Trump’s running mate J.D Vance wrote of pride in Ulster-Scots heritage

Ohio senator described Scots-Irish as ‘one of the most distinctive subgroups in America’

Senator JD Vance and Donald Trump (Jeff Dean/AP)
Senator JD Vance and Donald Trump. PICTURE: JEFF DEAN/AP (Jeff Dean/AP)

Donald Trump’s choice for Republican vice-presidential running mate has previously described his pride in being descended from Ulster Scots who moved to America from the north of Ireland in the 18th and 19th centuries.

J.D Vance, a senator from Ohio who was named as Mr Trump’s campaign partner on Monday, wrote of his family’s roots in his bestselling 2016 memoir Hillbilly Elegy.

In the book, the 39-year-old spoke of his early life in Ohio, where his grandparents moved from the Appalachian hills of eastern Kentucky “in the hope of escaping the dreadful poverty around them”.

Hillbilly Elegy by JD Vance
Hillbilly Elegy, by JD Vance, was published in 2016.

The Appalachian region is where many Ulster Scots settled in the U.S, a generation after the Ulster plantation.

In the U.S, those of Ulster Scots descent are more commonly known as ‘Scots-Irish’, or often ‘Scotch-Irish’.

In 2017, around 3 million people in the U.S described themselves specifically as having Scots-Irish heritage.

In his book, Mr Vance - a former arch-critic of Donald Trump - described himself as a “Scots-Irish hillbilly at heart”.

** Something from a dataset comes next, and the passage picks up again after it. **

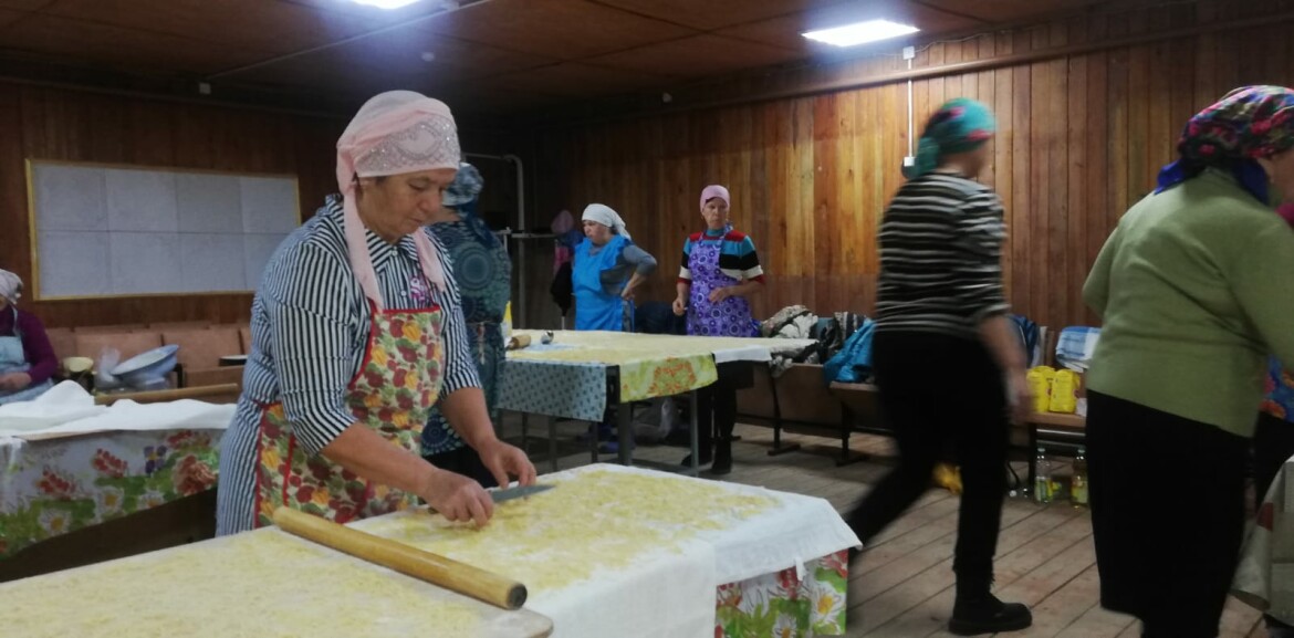 Необычный кондитерский цех расположился в местном Доме культуры. За работой повара поют трогательные песни и молятся. «Мы начали заниматься [помощью армии], когда у меня сын ушел на передовую по частичной мобилизации. Вот начали заниматься таким делом. Впервые стали печь чак-чак, лапшу домашнюю, плести маскировочные сети», — рассказала жительница села Назия Мустафина.

“I may be white, but I do not identify with the WASPs (White Anglo-Saxon Protestant) of the Northeast,” he wrote in the memoir, which was adapted as a film in 2020 by director Ron Howard: “Instead, I identify with the millions of working-class white Americans of Scots-Irish descent who have no college degree. To these folks, poverty is the family tradition - their ancestors were day laborers in the Southern slave economy, sharecroppers after that, coal miners after that, and machinists and mill workers during more recent times. Americans call them hillbillies, rednecks, or white trash. I call them neighbors, friends and family.”

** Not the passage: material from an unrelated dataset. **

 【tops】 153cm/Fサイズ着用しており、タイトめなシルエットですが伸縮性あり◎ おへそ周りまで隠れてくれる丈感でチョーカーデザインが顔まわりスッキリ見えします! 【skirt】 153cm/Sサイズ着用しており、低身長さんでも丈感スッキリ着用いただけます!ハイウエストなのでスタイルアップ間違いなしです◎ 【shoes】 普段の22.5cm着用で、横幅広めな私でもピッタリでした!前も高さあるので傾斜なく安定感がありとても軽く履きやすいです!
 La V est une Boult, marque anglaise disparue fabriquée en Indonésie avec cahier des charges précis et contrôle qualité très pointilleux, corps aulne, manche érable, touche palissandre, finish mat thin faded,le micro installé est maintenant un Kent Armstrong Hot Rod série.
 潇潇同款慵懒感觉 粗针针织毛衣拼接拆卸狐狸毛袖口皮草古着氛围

He described the Scots-Irish as “one of the most distinctive subgroups in America”.

“This distinctive embrace of cultural tradition comes along with many good traits - an intense sense of loyalty, a fierce dedication to family and country - but also many bad ones,” he said.

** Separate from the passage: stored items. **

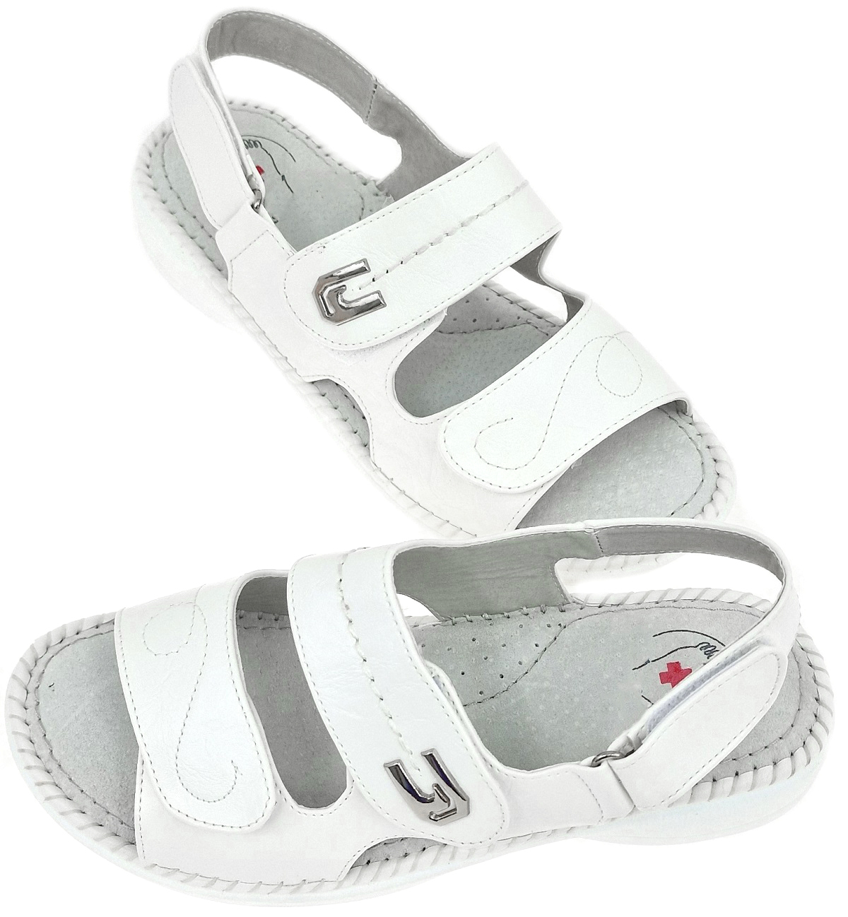 Кожаные сандалии липучка женщин Медицинские тапочки 39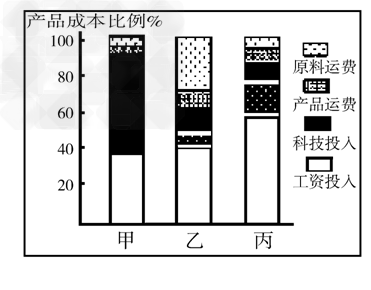 本题考查影响工业区位选择的主导因素。根据影响工业区位选择的主导因素不同,原料重量大于产品重量,或原料不便于长距离运输的为原料指向型工业;产品重量大于原料重量,或产品不便于长距离运输为市场指向型工业;工业生产需要消耗大量能源的为动力指向型工业;生产对劳动力数量要求较多的是廉价劳动力指向型;技术投入较多的是技术指向型。图中甲的科技投入较高,属于技术导向型工业。所以本题选择B选项。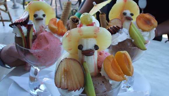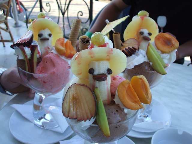 Die große Eisdiele in Sousse an der Hauptstrasse nach Port el Kantaoui ist auf jeden Fall einen (oder mehrere) Besuche wert.Dort gibt es richtig gute Eisbecher ,Waffeleis + köstlichen Kuchen! Die Bedienung super nett , hilfsbereit auch wenn man in einer größeren Gruppe kommt und beliebt auch bei den Einheimischen. Hinweis/Insider-Tipp: Öfter's Großbildleinwand zu bestimmten Anlässe.z.B.Fußball Ausstattung: mit Terrasse / Garten / kinderfreundlich / mit Live Musik

“We do not like outsiders or people who are different from us, whether the difference lies in how they look, how they act, or, most important, how they talk. To understand me, you must understand that I am a Scots-Irish hillbilly at heart.”

The term “hillbilly”, often used as a derogatory term to describe rural people in the Appalachian region and elsewhere in America, is sometimes claimed to have emerged due to the Ulster-Scots links to ‘King Billy’ - William of Orange - but this has been disputed by scholars, who say the term only emerged towards the end of the 19th century in America.